The summer game is upon us with the reminder that in Oscar Wilde’s earliest surviving letter, as well as in his final poem, there is mention of cricket.
In 1868, Oscar Wilde proudly wrote to his Mother that his school had beaten the visiting 27th Regiment at cricket by 70 runs [1]. Thirty years later, at the other end of his writing career, the initial description Wilde gives us of Charles Thomas Wooldrige, the tragic dedicatee of The Ballad of Reading Gaol (1898), is that a cricket cap was on his head.
What, you may ask, do these bookends portend? Well, precisely nothing.
It shows Oscar in a quite demure pose as if he had something to hide. But fear not, he is exposed only below the knee.
Wilde’s long hair and knee-breeches excited many a soirée in 1882, prompting one commentator to note that Oscar “pants” after a certain celebrity, but that he should make it two because a pair of pants is something he obviously needs.

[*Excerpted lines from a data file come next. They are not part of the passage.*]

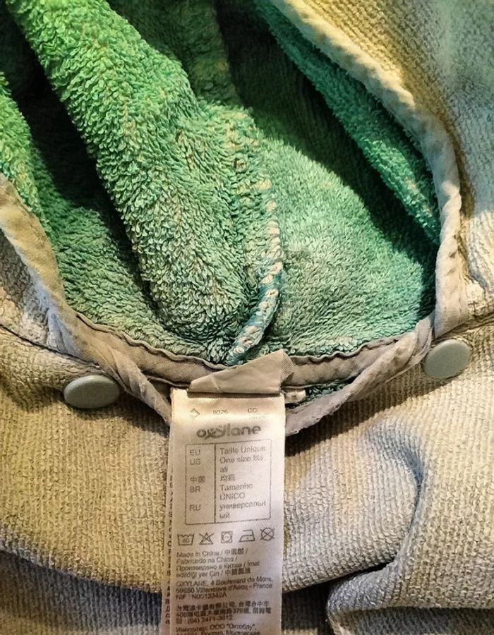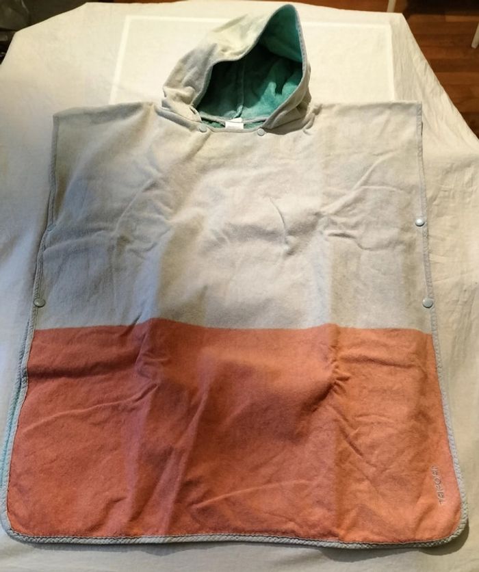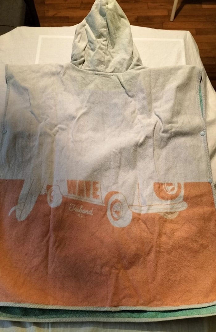 Sortie de bain garçon taille unique, Oxylane. Idéal pour la sortie de bain, la piscine et la plage. 2 boutons pression de chaque côté pour les manches. Longueur 74 cm et largeur 63 cm. À beaucoup servie , les couleurs sont un peu délavées mais reste en bon état.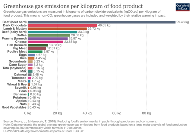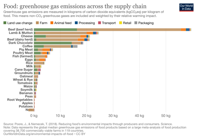 據(jù)牛津大學(xué)開發(fā)的Our World in Data平臺(tái)中,我們從中選取了一些中國(guó)人經(jīng)常食用的食品種類,統(tǒng)計(jì)后得出下圖,位于圖表底部的多是水果與植物性食物,它們的碳排放普遍偏低,比動(dòng)物性食物低10至50倍。其次是糖,牛奶,雞蛋,家禽等。碳排放較高的是黑巧克力,咖啡以及肉類。由下往上最終我們看到,位列碳排放之首的是牛肉,遠(yuǎn)遠(yuǎn)超出其它各項(xiàng)食品。可以看出,那些經(jīng)過最少加工且對(duì)人體健康益處大的食物通常對(duì)環(huán)境的危害也很小,比如谷物,水果,蔬菜,豆類,堅(jiān)果,橄欖油等食品。相反,紅肉等具有高疾病風(fēng)險(xiǎn)的食物對(duì)環(huán)境影響也是最大的。同樣的,加工過程復(fù)雜的一些食品比如咖啡和巧克力等則對(duì)健康有害的同時(shí)也會(huì)對(duì)環(huán)境造成不良影響。由此可見,飲食健康也意味著可持續(xù)健康。(圖3)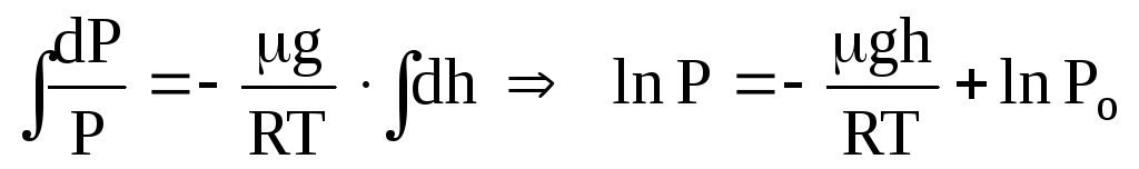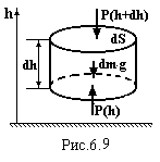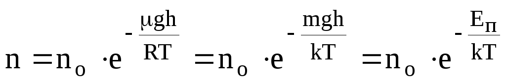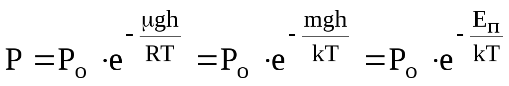 де m – маса однієї молекули, Еп – потенціальна енергія молекули в гравітаційному полі Землі. Формула (6.26) показує, що по мірі збільшення висоти тиск зменшується по експоненті.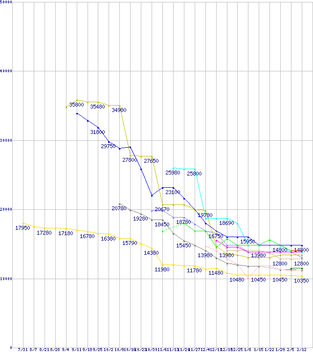 ※製品名をクリックすると個別のグラフを表示します ※点線部は販売店が確認できなかった、または調査データがないことを示します |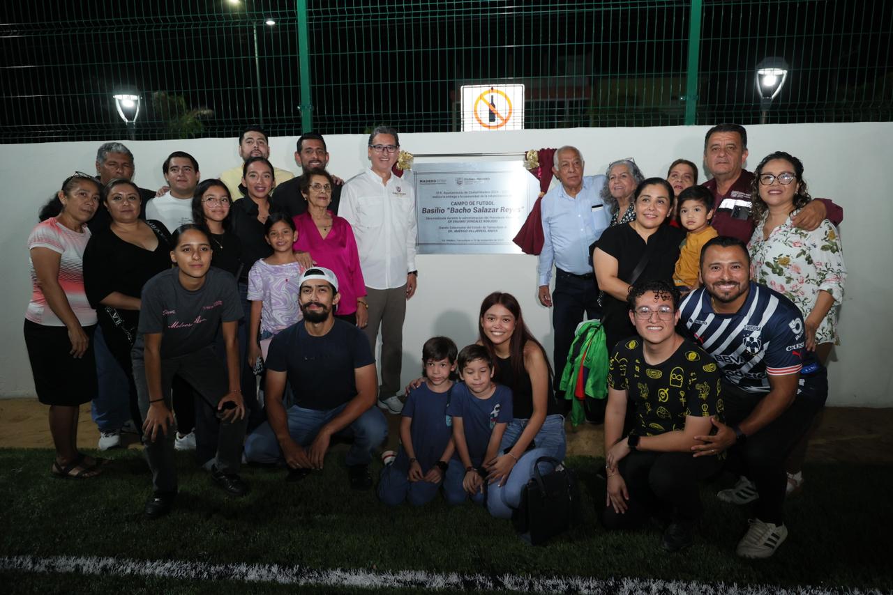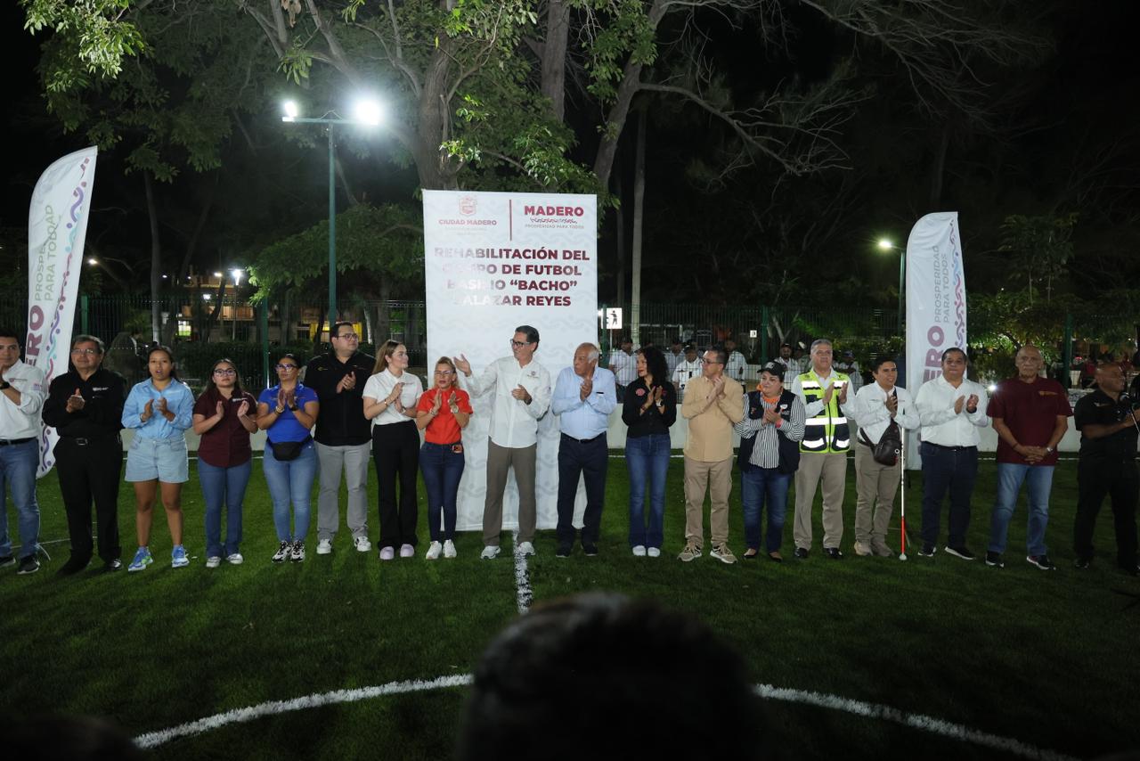 También como parte de esta ceremonia de inauguración de la rehabilitación de espacios de la plaza Vicente Guerrero, el presidente municipal Erasmo González Robledo inauguró la cancha de fútbol de pasto sintético, a pocos días que el Cabildo en pleno aprobara el nombre de Basilio Salazar Reyes, como un reconocimiento a su trayectoria dentro del fútbol profesional y que puso muy en alto el nombre de Ciudad Madero.

Advertisers, too, had Wilde’s trousers in mind. This example uses an image of a long-haired Oscar and the slogan Pants Down Again—presumably the price. What advertisers did not realise was that Oscar would soon take the slogan literally.
When he returned to America in 1883, he reversed the trend. Instead of long hair and short pants, Oscar confounded observers by wearing his hair short and his pants long. His Neronian coiffure was certainly a radical change; but while the hair was now up, it would seem the pants were down once again.